Patients that meet the diagnostic criteria.
Patients with age ≥18 years.
Patients with residual lesion greater than 3 mm after the initial punch, measurable by video colposcopy and with major changes (Criteria from Rio 2011).
Patients that have a positive test to the oncogenic virus of the human papilloma (16, 18, 31, 33, 45, 52 and 58).

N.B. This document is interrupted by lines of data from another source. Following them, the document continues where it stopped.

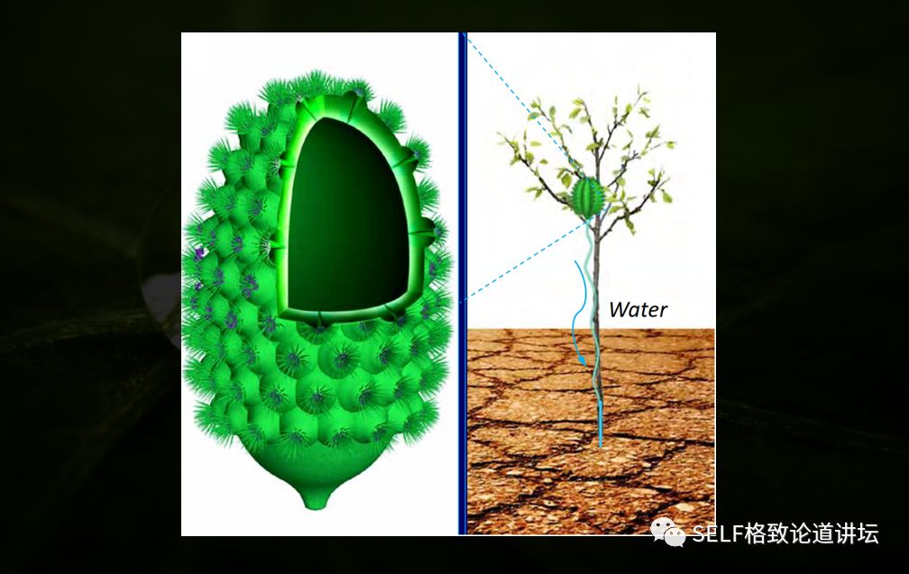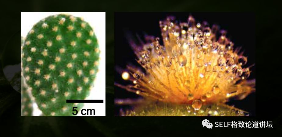 这是因为空气中的水分可以在仙人掌刺的表面凝结并定向输运至其根部。受此灵感启发,就可以研制新型仿仙人掌刺的集水装置用于植被灌溉。
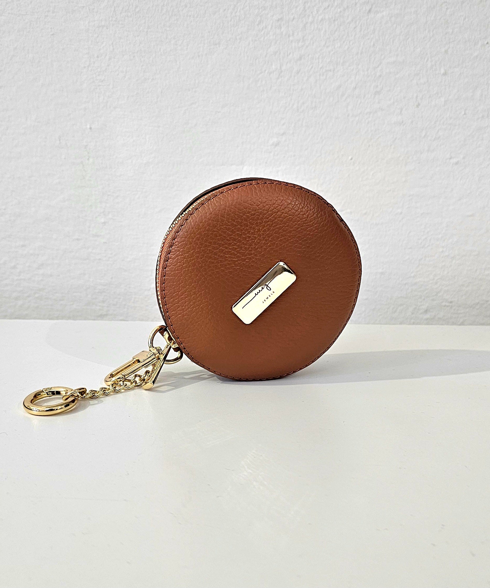 Portatutto tondo in vera pelle Made in Italy. Collezione 'Essentials' by MEG Jewels®. Chiusura con zip, piccola catena con doppio moschettone per attaccarlo alla borsa. Diametro 12 cm. Colore cognac, finiture oro.
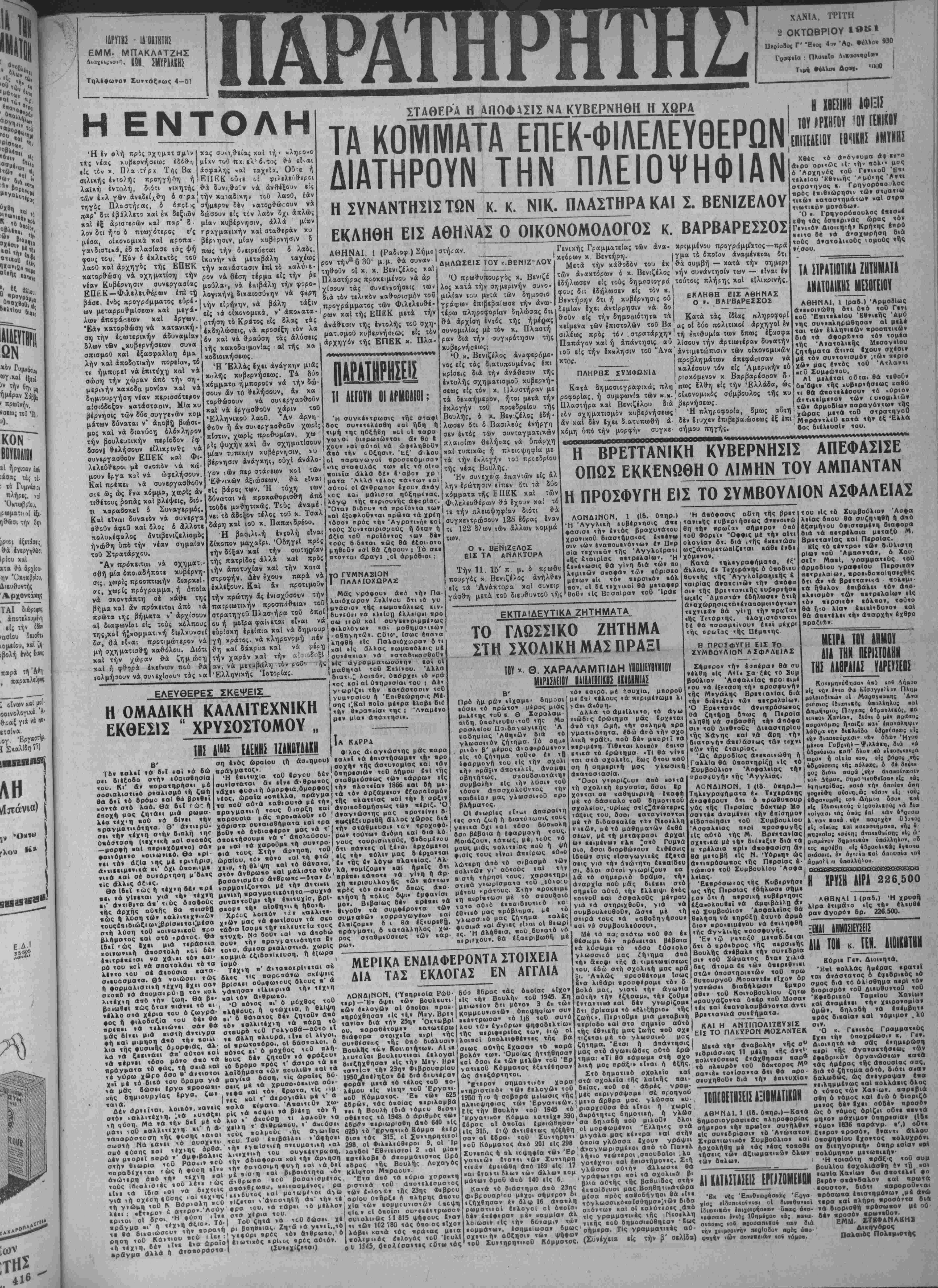 Καθ(σια«αι γ*<ΐα«ό* διι αί «ηό ιο« θβτφιΐεοΐαιοΐ) 'Επιοκάποο Κ« 8ω»ϊας «αί Άηο«οοω»οο αον«ηοο«ί μβ»αι Μυΐ«βοΙ»α1 Σχολαί άςχίζοβν (άς εγγααφάς άηό 1-10—51 είς ιά 5αν «αί 8-ΐν Δημοιιΐα Σχαλβ!α. Τακιιΐά μαθήμαια αοχανιαΐ ιΐη6 16—10-61. ('ϊί «ής Διβαθύνοβαι;) ΙΛΙΗΤΙΚΑ ΕΚΗΑΙ1ΕΥΤΗΡΙΑ ΧΑΝΙΩΝ Είς το Ίδιωτιχόν Γυ μνάσιο ν Χανίων α{ είσαγωγικαί ίξετά- σεις θ·ά διεξ< χττοθν την 6ην μη νός Όχτωβρίου ημέραν Σάββ χον κ αί ώραν 8ην πρωϊνήν (Έκ τής Διευθύνσεως τοΰ Ίδι ωτιχοθ Γυμνασίου). ΒΙΟΑΕΤΑ ΚΑΑΙΟΝΤΖΑΚΗ Χειρουργός Όδοντίατρος, Κυδων'ίας 95 Δέχΐται 9—12.30 π. μ χά 4—6 μ μ "Εναντι Καταστή μα τος Ήλεχτριχών είδών Άποστο λ(δη. ΠΩΛΕΙΤΑΙ φεΰρνος έλεύθε ρος μέ οίχ'αν άνωθεν. Πλτ^ο φορίαι Κόρακα 2. ΑΝΑΛΓΣΕΙΣ οΐνων Να1 μού στων. Φαρμαχα οίνολογικά. Ά ποχρωσιικός άνθ-ραξ γιά νά πε· τύχετε άσπρη ρεχσίνα Χημ.—Οίνολογ Έργαστήρ Ι ΓΑΛΑΝΑΚΗ Σκαλίδη 77) Ίθ ΤίΜΕΙΟΝΐΕΩΡΠΑΪ ΚΙ^ΟΙΡΟΦΙίΠ^Ι ΑΑΙΟΝ Δι* άποοάσεως τοθ ύβουρ γβΐου Γεωργίας δημοσιευθή! σης «Ις την 'Κβ>ημεριδα τής

Patients who give their informed consent to participation in writing.
Patients who consent to perform the conization according to the study schedule.
Patients with normal laboratory parameters within the limits established in the institution (complete blood count, platelets and erythrosedimentation. In the case of male sex (vasectomy, use of condoms) while the treatment lasts.

Exclusion criteria

Patients who have received surgical, ablative, radiant, immunomodulatory or chemotherapy treatment 30 days before recruitment.
Patients pregnant or breastfeeding.
Patients with acute cervico-vaginal infections.
Patients with positive serology known to HIV and/or syphilis.
Patients with diseases that compromise the state of consciousness or their possibility of collaboration.
Patients with a history of severe allergic history.
Patients who are participating in another research.